PROVIDED DATA:
──────
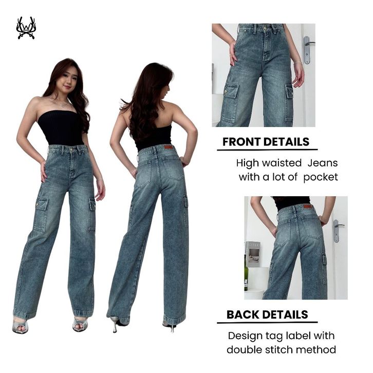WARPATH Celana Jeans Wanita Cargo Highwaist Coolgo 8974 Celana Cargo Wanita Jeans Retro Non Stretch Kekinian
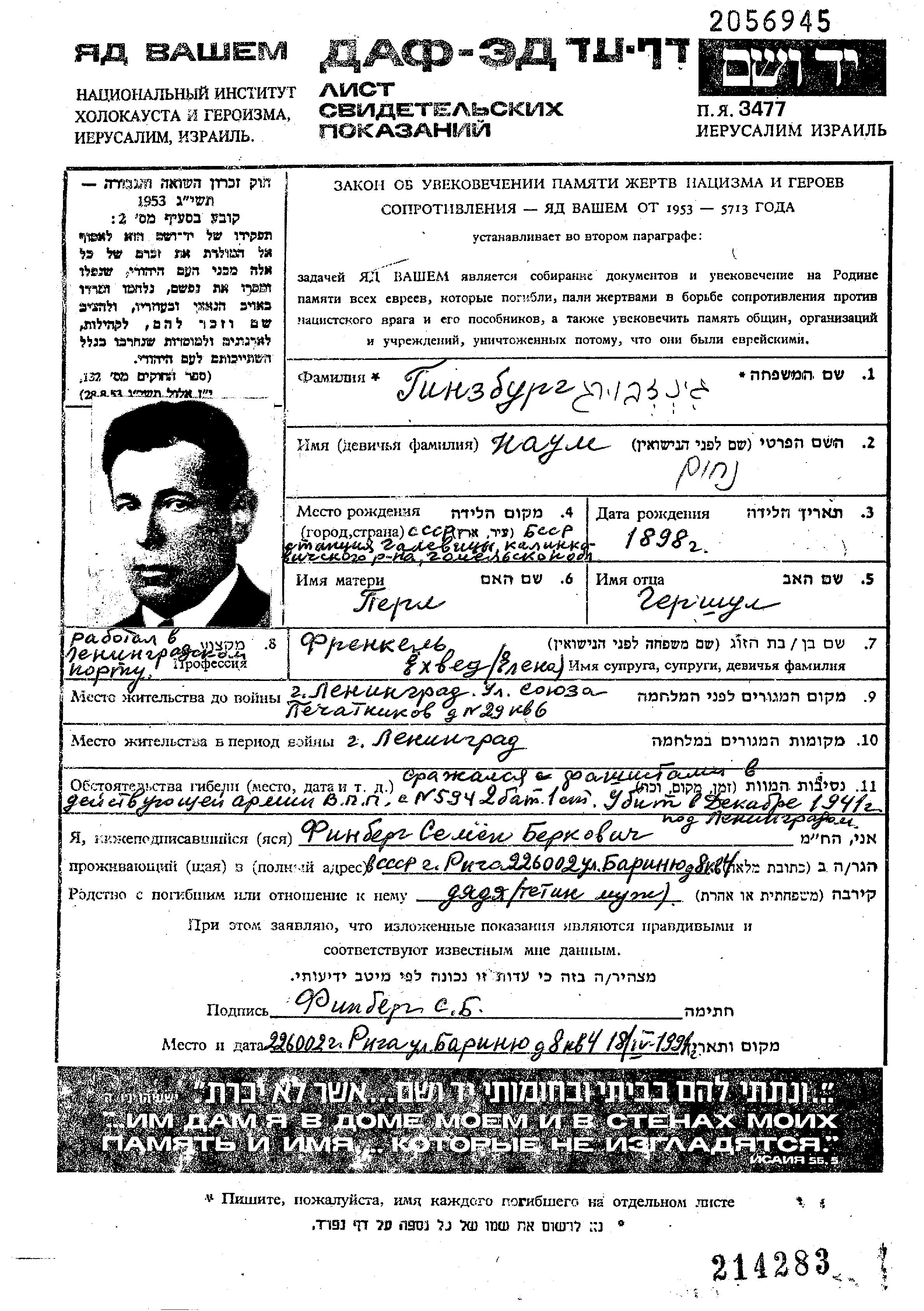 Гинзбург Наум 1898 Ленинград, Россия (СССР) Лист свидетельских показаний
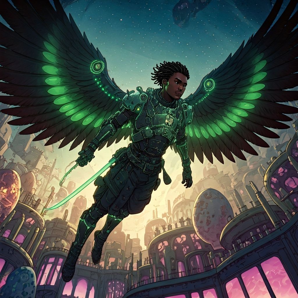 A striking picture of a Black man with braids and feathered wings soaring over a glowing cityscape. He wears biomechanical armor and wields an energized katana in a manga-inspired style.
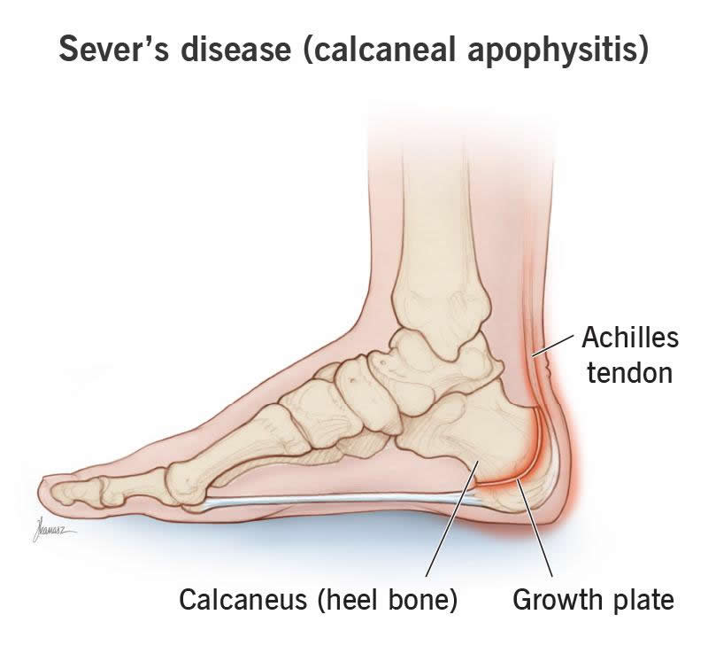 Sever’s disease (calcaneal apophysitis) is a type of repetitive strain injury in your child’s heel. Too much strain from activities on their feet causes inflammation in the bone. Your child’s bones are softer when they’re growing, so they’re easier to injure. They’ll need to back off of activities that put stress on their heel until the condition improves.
──────
TRY IT: Only the lines from the line holding "Гинзбург Наум 1898" through the last line above belong in the answer, repeated exactly; the pictures do not.

EXERCISE RESPONSE:
 Гинзбург Наум 1898 Ленинград, Россия (СССР) Лист свидетельских показаний
 A striking picture of a Black man with braids and feathered wings soaring over a glowing cityscape. He wears biomechanical armor and wields an energized katana in a manga-inspired style.
 Sever’s disease (calcaneal apophysitis) is a type of repetitive strain injury in your child’s heel. Too much strain from activities on their feet causes inflammation in the bone. Your child’s bones are softer when they’re growing, so they’re easier to injure. They’ll need to back off of activities that put stress on their heel until the condition improves.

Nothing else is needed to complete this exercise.